The loss of almost all of their land was not the only issue that the Havasupai were contending with: the increase in the number of settlers in the local region had depleted game used for hunting, and soil erosion (a result of poor irrigation techniques) touched off a series of food shortages. Furthermore, interaction with the settlers sparked deadly disease outbreaks amongst tribe members, who were ravaged by smallpox, influenza, and measles. By 1906 only 166 tribal members remained – half the number Garcés saw when he first encountered the tribe in 1776. At one point, there were only 40 women and 40 men of childbearing age, which caused a genetic population bottleneck.

In the 1800s, the continental railway system was greatly expanded. In 1897, construction opened on a spur line of the Santa Fe Railroad, which was to lead directly to the Grand Canyon; by 1901, the line was open. During his visit to the Grand Canyon in 1903, President Theodore Roosevelt met two Havasupais at Ha’a Gyoh (Havasupai Garden, formerly called Indian Garden). Roosevelt told them about the park that was being created and that they would have to leave the area. In 1908, the Grand Canyon was declared a national monument, and by 1919 it had received National Park status. However, it was not until 1928 that the Havasupai finally left Ha’a Gyoh, forced out by the National Park Service.

=== 1921–1975 ===
Issues regarding health within the Havasupai population reduced its growth to the point where almost an entire generation was lost due to infant and child mortality. Low morale spread throughout the tribe, leading to an increase in gambling, alcoholism, and violence. As the years progressed, the Havasupai came to realize that they could not hope to survive in their American social situation without embracing at least some aspects of it. Breaking horses, working on farms, or even serving as employees of the Grand Canyon National Park were all options for tribal members. The Havasupai fought to keep their methods and traditions alive, but the federal government and the National Park Service generally held a dismissive attitude toward these efforts and accelerated the pace of actions such as razing residents' traditional homes and replacing them with cabins. As similar instances transpired throughout the years, the methods of the Park became clear: they wanted the final 518 acre.

In this period, the tribe continually fought with the government to have the land that had been taken returned to them. In 1968, the tribe won its Indian Claims Commission case against the United States. The court findings stated that the Havasupai had portions of their land taken from them illegally in 1882 and that the tribe was entitled to recover the land from the US at fair market value (ICC 210). That value ended up being 55 cents an acre, totaling just over one million dollars. Although the case was a landmark for the Havasupai in the sense that it was proven in a court of law that the federal government had inappropriately taken their land, it had still not been properly returned to the tribe.

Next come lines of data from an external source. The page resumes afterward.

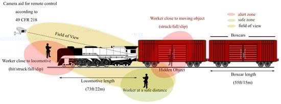 Cameras in yards are crucial to monitor switching and coupling operations. In Figure 1, the reference of remote control operation for switching and coupling has been shown. A Remote Control Operator (RCO) is responsible for switching and coupling railcars in yards. To do this, the RCOs have to be close to the railcars and control the locomotive in sync with their own actions [,]. However, this also places them in close proximity to moving trains. Therefore, in order to improve the safety of the RCOs, protective devices should be installed in yards. It has been clearly mentioned how remote control zone or remote control operation should be maintained in 218.99(b)(3)(i). If any action is not safe or not confirmed as safe, there should be an immediate halt on all EoD action. Therefore, vision-based sensors should provide real-time information and visual confirmation to the remote personnel about failure or success of detection, classification, and tracking of the current action of the EoDs on site. The process should not hinder line-of-sight of the remote EoD or encumber them in any way.
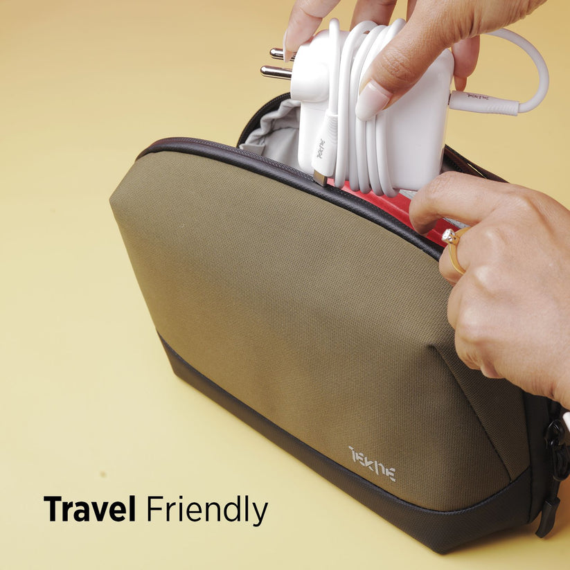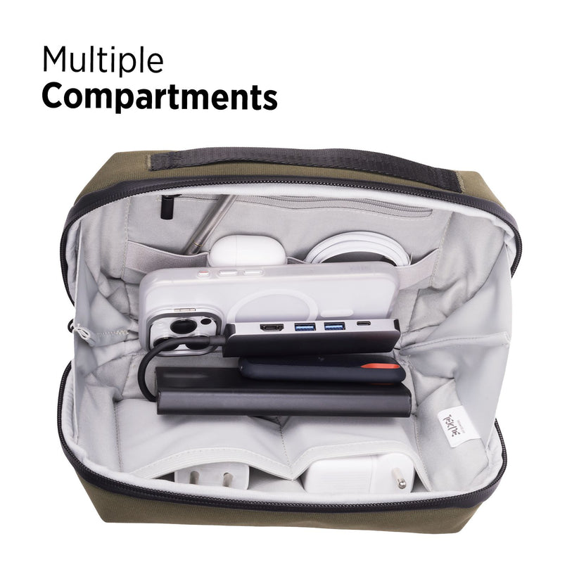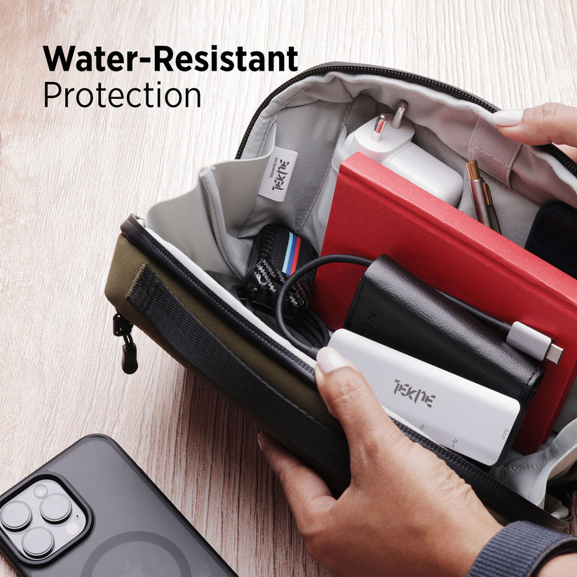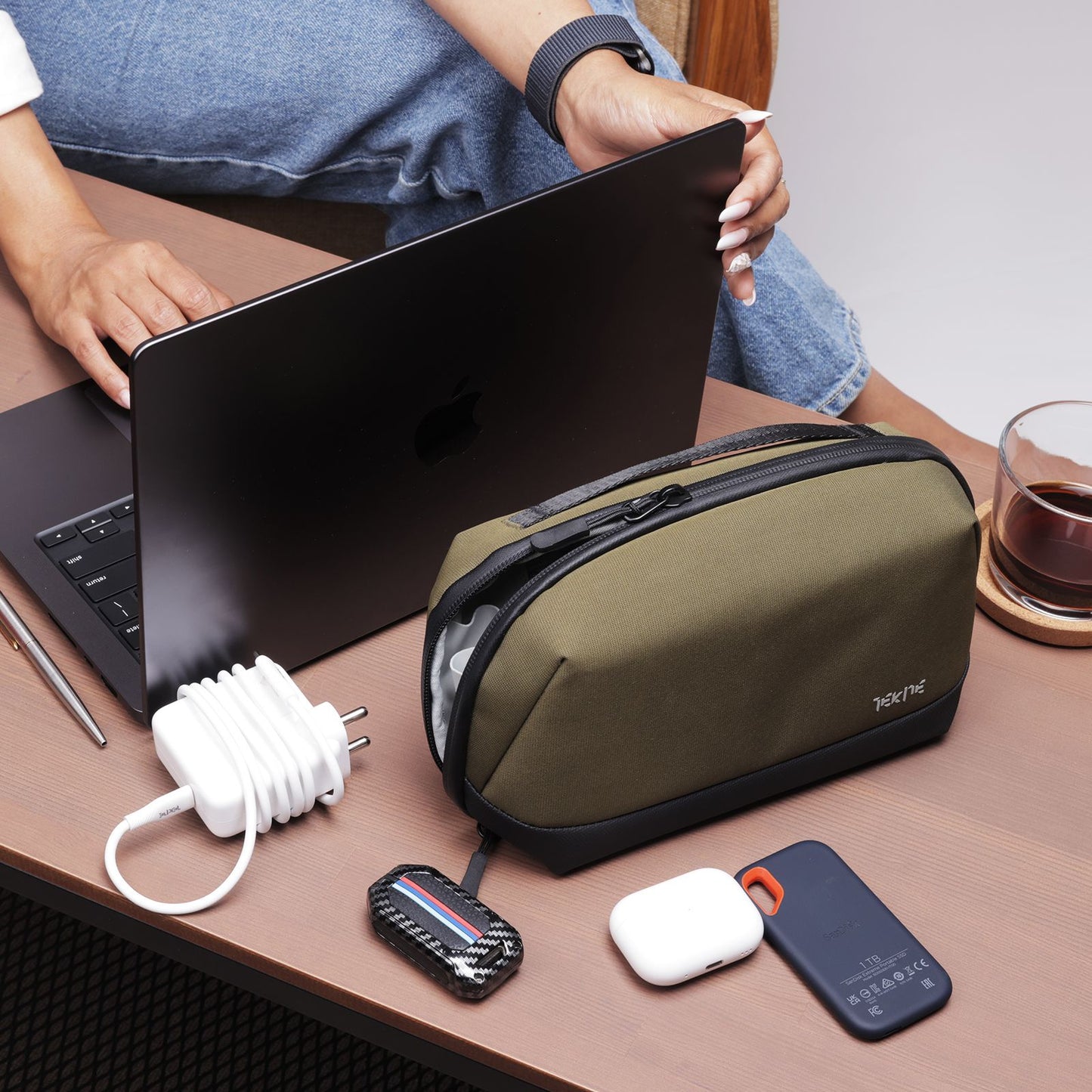 Tekne Gadget Organiser | Water-Resistant Tech Pouch with Multiple Compartments | Olive Green | Travel-Friendly
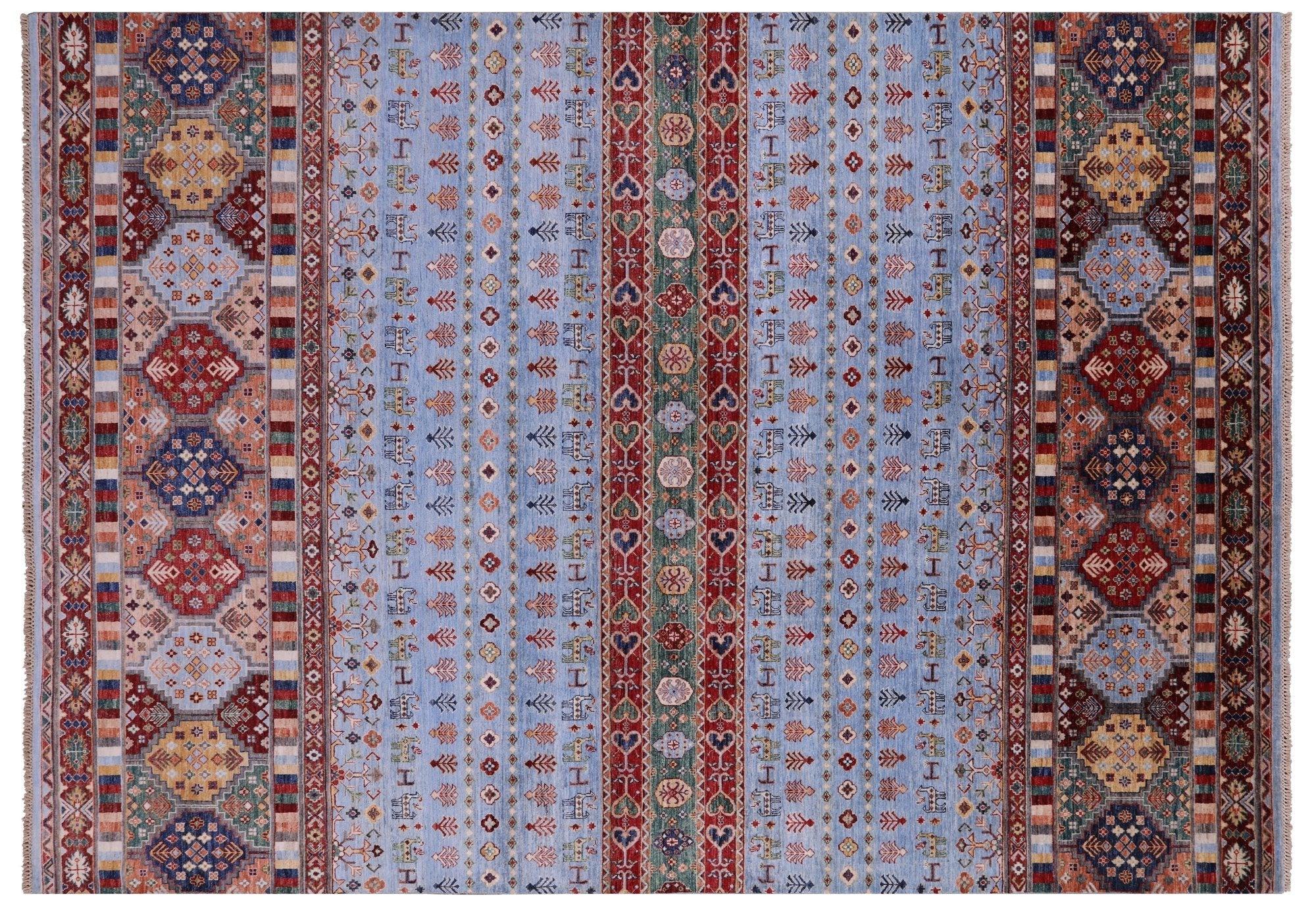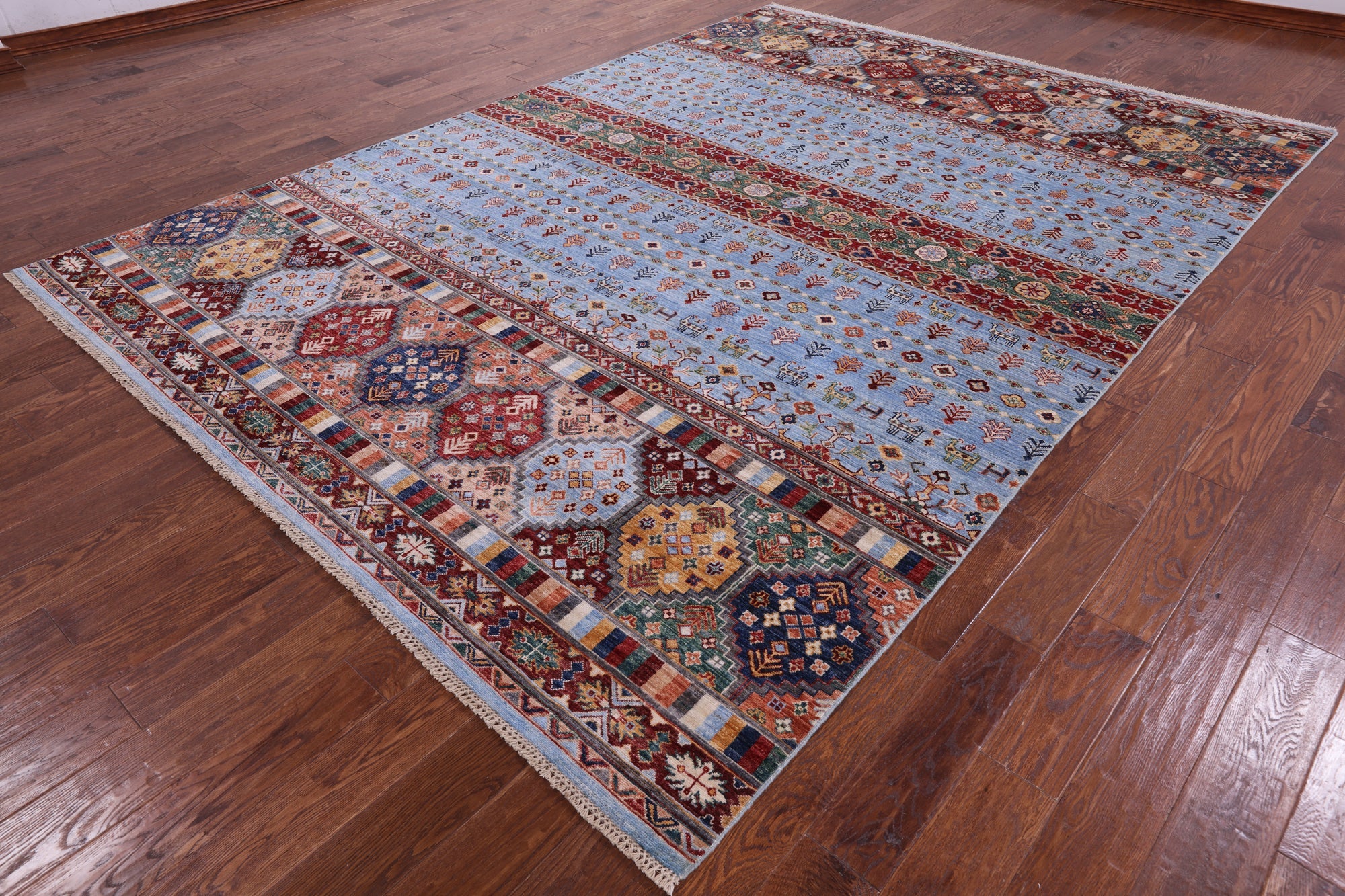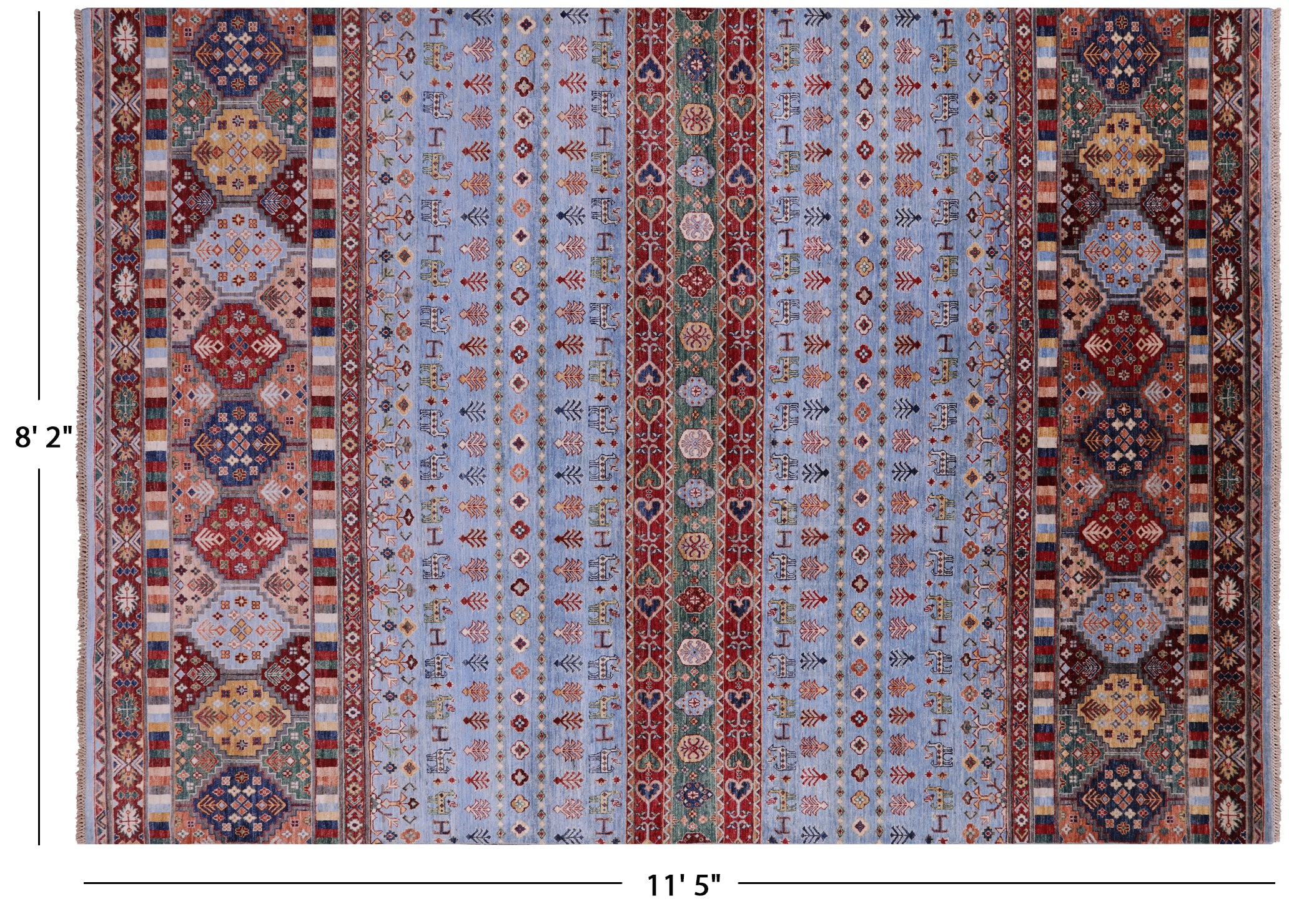 Blue Handmade Tribal Persian Gabbeh Wool Rug 8' 2" X 11' 5" - Q7663
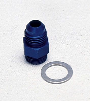 Aeroquip Fitting, Carburetor Inlet, -6 AN Male to 9/16-24 in. Male Thread, Aluminum, Blue

However, the momentum that the Havasupai gained from the ICC case followed them into the 1970s as the tribe continued to fight to have their traditional territory returned to them. In 1974, garnering support from the Nixon administration as well as influential newspapers such as the Los Angeles Times, the Wall Street Journal, and the San Francisco Chronicle, the tribe made their push to have the congressional bill S. 1296, which would actually return their land, passed through Congress. Months of deliberation and stalling on the part of some congressmen almost led to the bill's demise. But days before Congress went on fall break, the bill was finally passed by both Houses and made its way to the President's desk. Similarly, the bill sat on President Gerald Ford's desk until the final possible moments before it was signed and passed into law on January 4, 1975. S. 1296 granted the Havasupai a trust title to approximately 185000 acre; another 95300 acre were designated as "Havasupai Use Lands," to be overseen by the National Park Service but available for traditional use by the Havasupai.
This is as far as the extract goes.